Dremio Noses Into Cloud Lakes with Analytics Speedup
Most of today’s big data action is occurring in the cloud, where companies are building massive data lakes atop object storage systems like AWS S3 and Microsoft ADLS. While object stores offer tremendous scalability, they’re notoriously slow. Those who are tired with slow responses may want to check out the latest from Dremio, which today unveiled some innovative ways to speed SQL queries on the cloud.
The original design point for Dremio — which is based on the open-source, in-memory, columnar data format called Apache Arrow — was to make it easier for data scientists and analysts to join and query data located in multiple locations (HDFS, cloud, databases, etc.). By leaving the data where it originally resides and providing a semantic data access layer atop it, Dremio could effectively provide the benefits of a data warehouse without the time, expense, and complexity of engineering ETL scripts and data warehouse assembly.
As the technology has been adopted (4 million weekly downloads of Arrow, per Dremio), the use case has changed slightly, at least for Dremio. Instead of just giving customers access to the data, customers want the Dremio software to execute with the same level of performance that they’ve grown accustomed to with traditional data warehouses, such as Teradata, Amazon Redshift, and Snowflake.
That’s a challenge when working on S3 and ADLS, says Dremio CEO and co-founder Tomer Shiran. “Those systems have much higher latency then what you can get from local storage,” he says. “People are used to using NVMe or their local system or using an all flash array. They’re used to much, much higher performance then what you can get from these systems.”
Dremio addressed the data-serving shortcoming of S3 and ADLS with the new columnar cloud cache (C3) and predictive pipelining features in Dremio version 4.0, which was unveiled today.

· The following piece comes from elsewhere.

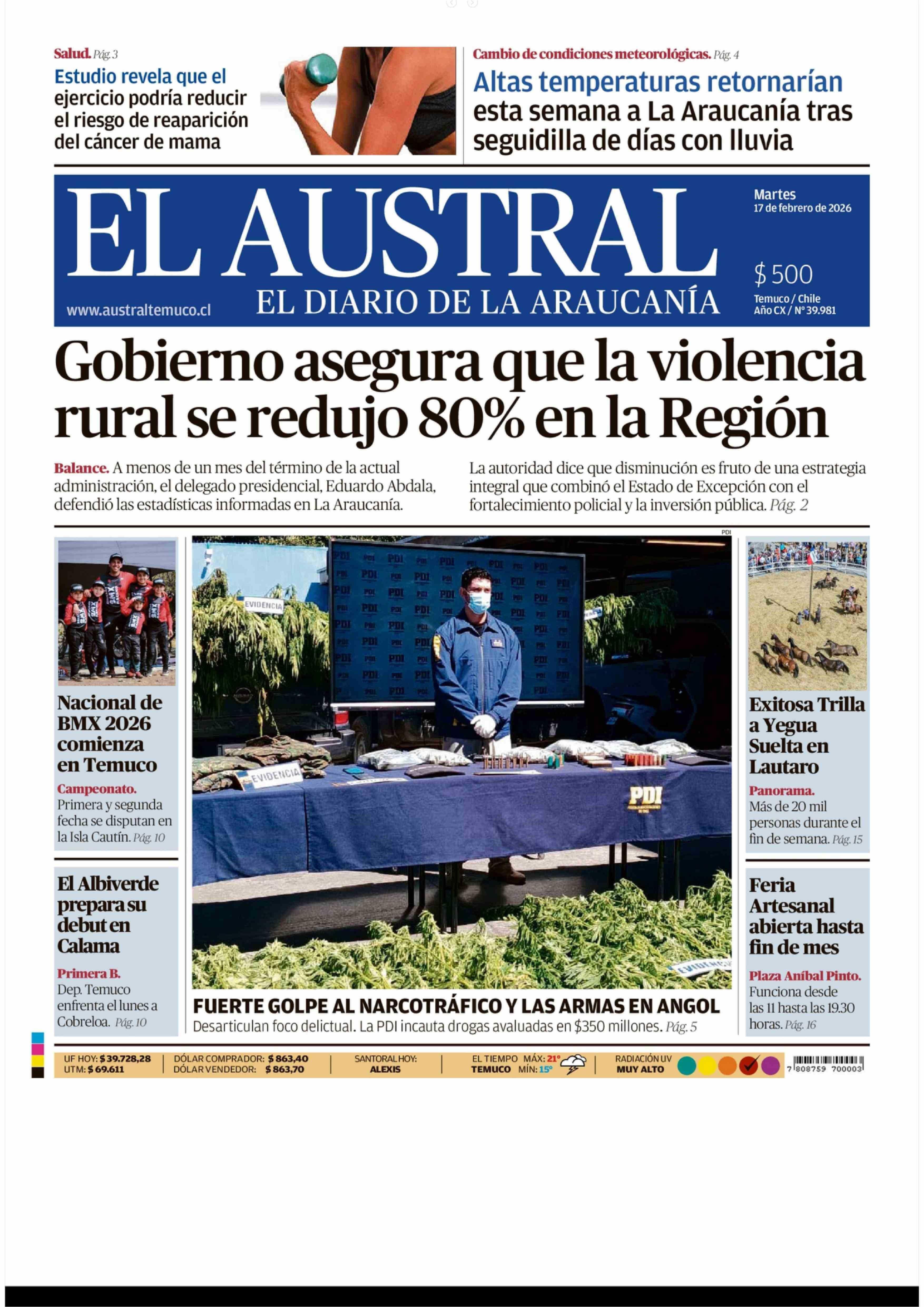 Fecha: 17-02-2026 Sector: Portada Región: Región de la Araucanía

The new columnar cache feature accelerates queries by automatically caching bits and pieces of data that’s being accessed through Dremio from S3 for the first time. Dremio actually caches it in an NVMe drive that is local to the cloud cluster on which Dremio is running in AWS or Azure, Shiran says.

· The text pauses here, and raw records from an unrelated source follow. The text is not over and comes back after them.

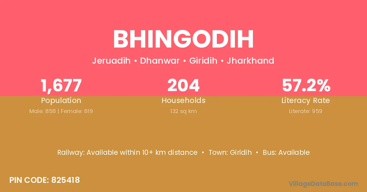 Giridih is the nearest town to Bhingodih village for major economic activities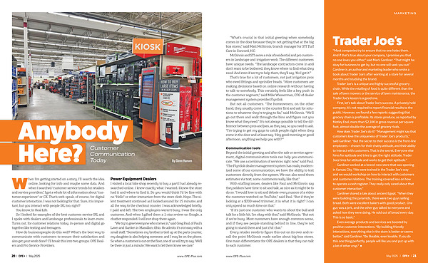 Every retailer needs to figure this out on its own and recall the point McGinnis made earlier about big-box stores. One main differentiator for OPE dealers is that they can talk to each customer.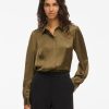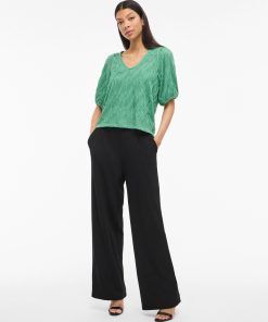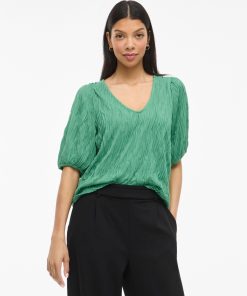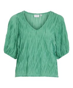 VILA Women’s Violana V-neck Short Sleeved Top | Winter Green

“So the second time a piece of data is accessed, it’s cached locally,” he says. “What we found is that on average most pieces of data are accessed tens of times. So this gives us an average of 10x [performance] improvement across the system.”
But that wasn’t enough. To accelerate performance the first time a user requests a given piece of data from S3 or ADLS, Dremio developed its predictive pipelining feature. This new feature anticipates which piece of data a user is likely to access next, and prepares it for analysis in the Dremio query engine.
The predictive pipeline is column-aware, and request a column-oriented data format, such as Parquet or ORC, to work. Shiran explains how it works:
“We can predict what the next piece of data will be, what the query engine will read, based on the pattern of that query, which columns are begin accessed, and so forth,” he said. “This new predictive pipeline technology is all about pre-fetching data, one second in advance, so that we’re never sitting there idle, waiting for data sets to come back from S3 [and ADLS].”
The end result of all this is the delivery of a “no ETL” data warehousing solution, Shiran says.
“We’re eliminating the need for Redshift,” he says. “Dreamio is really an alternative for a data warehouse where you don’t have to load the data and move it and copy it and all that. The only way this can be possible is if you can query the data where it lives and provide the same performance that you can get with something like Redshift or Snowflake or Teradata or one of those systems that require you to load the data in advance.”
Because the public clouds have grown so popular lately, Dremio also worked to bolster security aspects of how its software runs in the clouds. The company has hooked into the native security services that these clouds use, such as Active Directory, including integrating with single sign on (SSO) functions to simplify the log-on process.
It also unveiled the Dremio Hub, which is a clearinghouse where customers can get native connectors. The company is offering connectors for Snowflake, Salesforce, and several other data sources. Third-parties are also free to offer their own connectors. The Santa Clara, California company also recently named Datastax co-founder Billy Bosworth to its board. Bosworth also sits on the board of Tableau.